■ TRY IT
Would you restate the listing word for word, with the images omitted?

■ SUPPLIED MATERIAL
==================================================
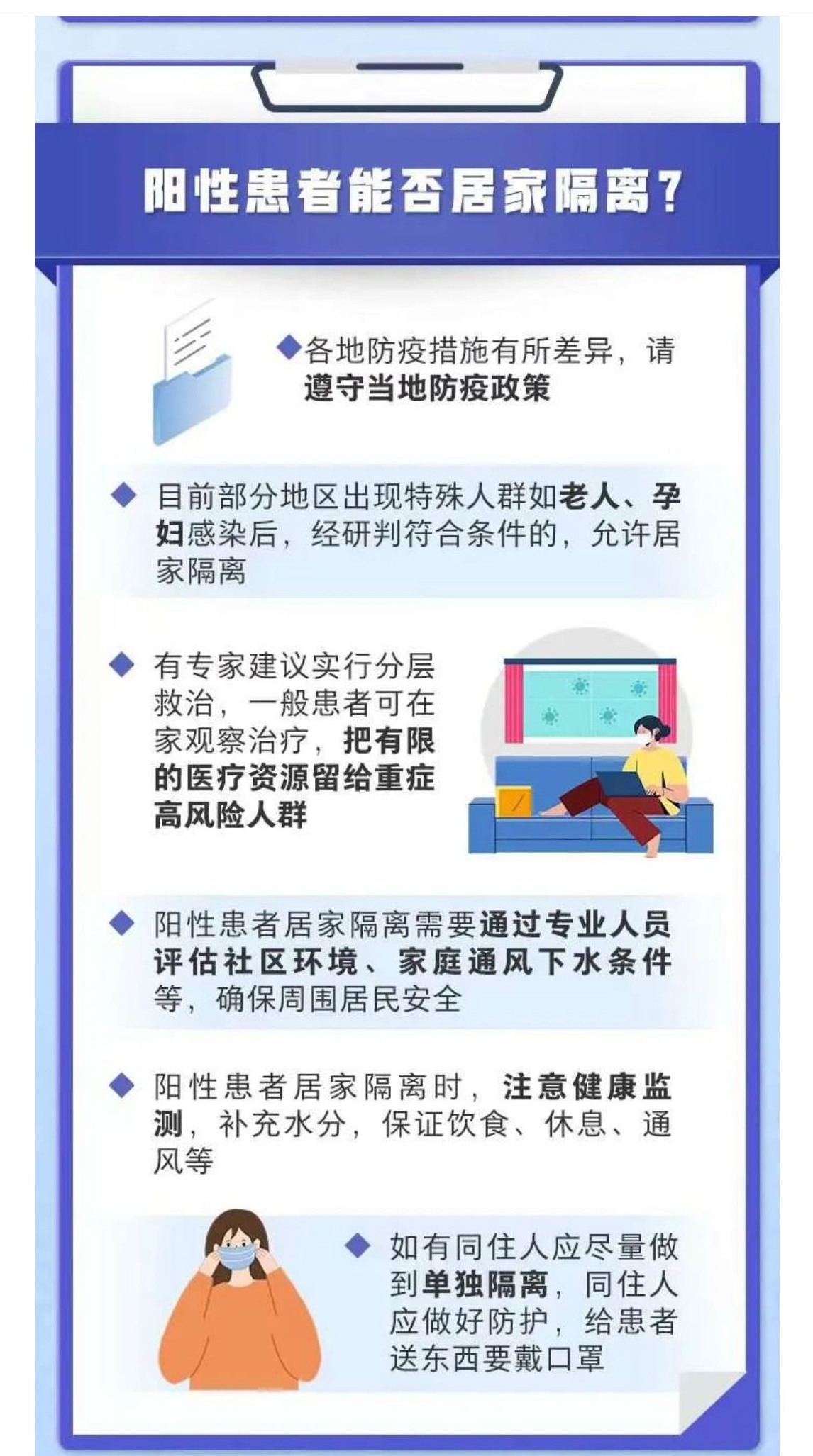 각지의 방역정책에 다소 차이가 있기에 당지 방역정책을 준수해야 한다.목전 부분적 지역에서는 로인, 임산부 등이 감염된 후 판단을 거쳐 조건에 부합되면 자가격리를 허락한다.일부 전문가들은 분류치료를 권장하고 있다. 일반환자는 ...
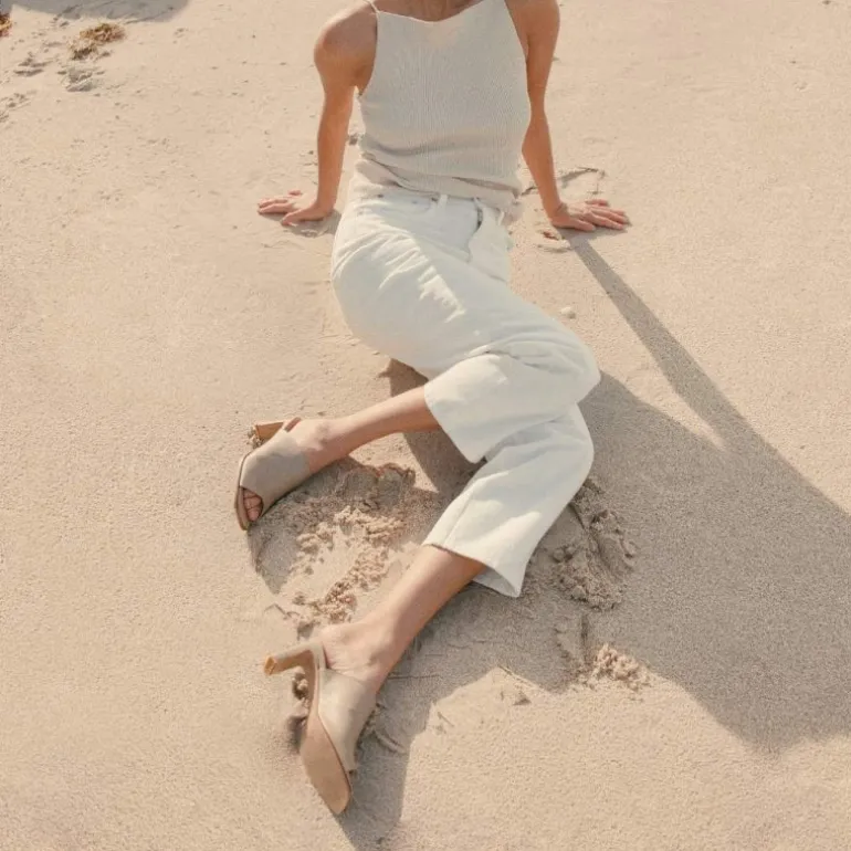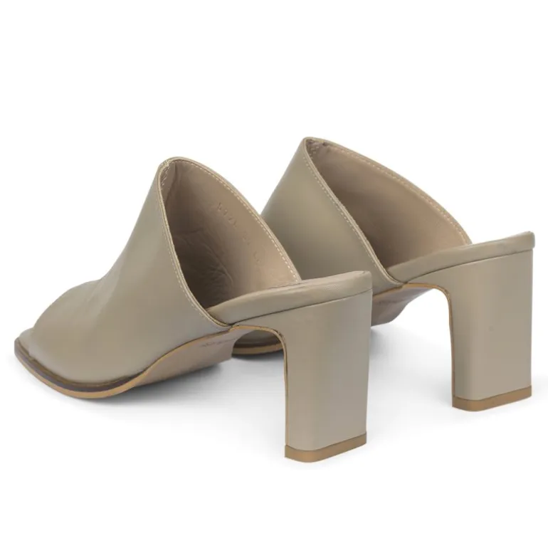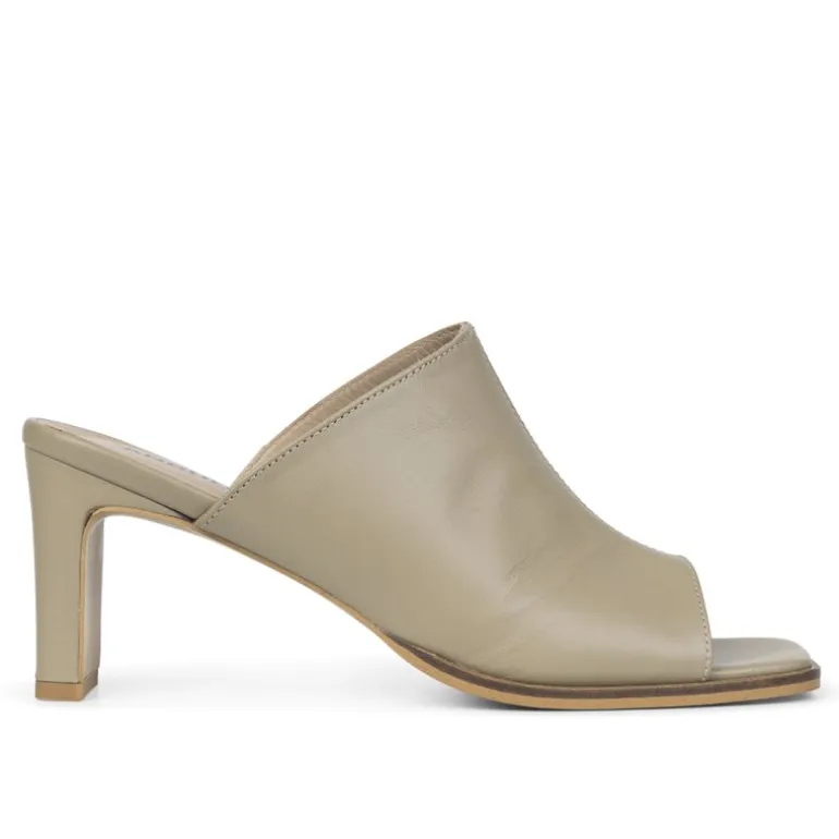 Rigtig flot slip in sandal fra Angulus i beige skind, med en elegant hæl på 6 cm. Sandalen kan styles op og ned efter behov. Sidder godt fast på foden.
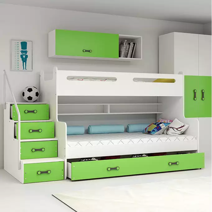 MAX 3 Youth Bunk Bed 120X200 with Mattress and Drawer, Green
==================================================
■ FINAL ANSWER
 각지의 방역정책에 다소 차이가 있기에 당지 방역정책을 준수해야 한다.목전 부분적 지역에서는 로인, 임산부 등이 감염된 후 판단을 거쳐 조건에 부합되면 자가격리를 허락한다.일부 전문가들은 분류치료를 권장하고 있다. 일반환자는 ...
 Rigtig flot slip in sandal fra Angulus i beige skind, med en elegant hæl på 6 cm. Sandalen kan styles op og ned efter behov. Sidder godt fast på foden.
 MAX 3 Youth Bunk Bed 120X200 with Mattress and Drawer, Green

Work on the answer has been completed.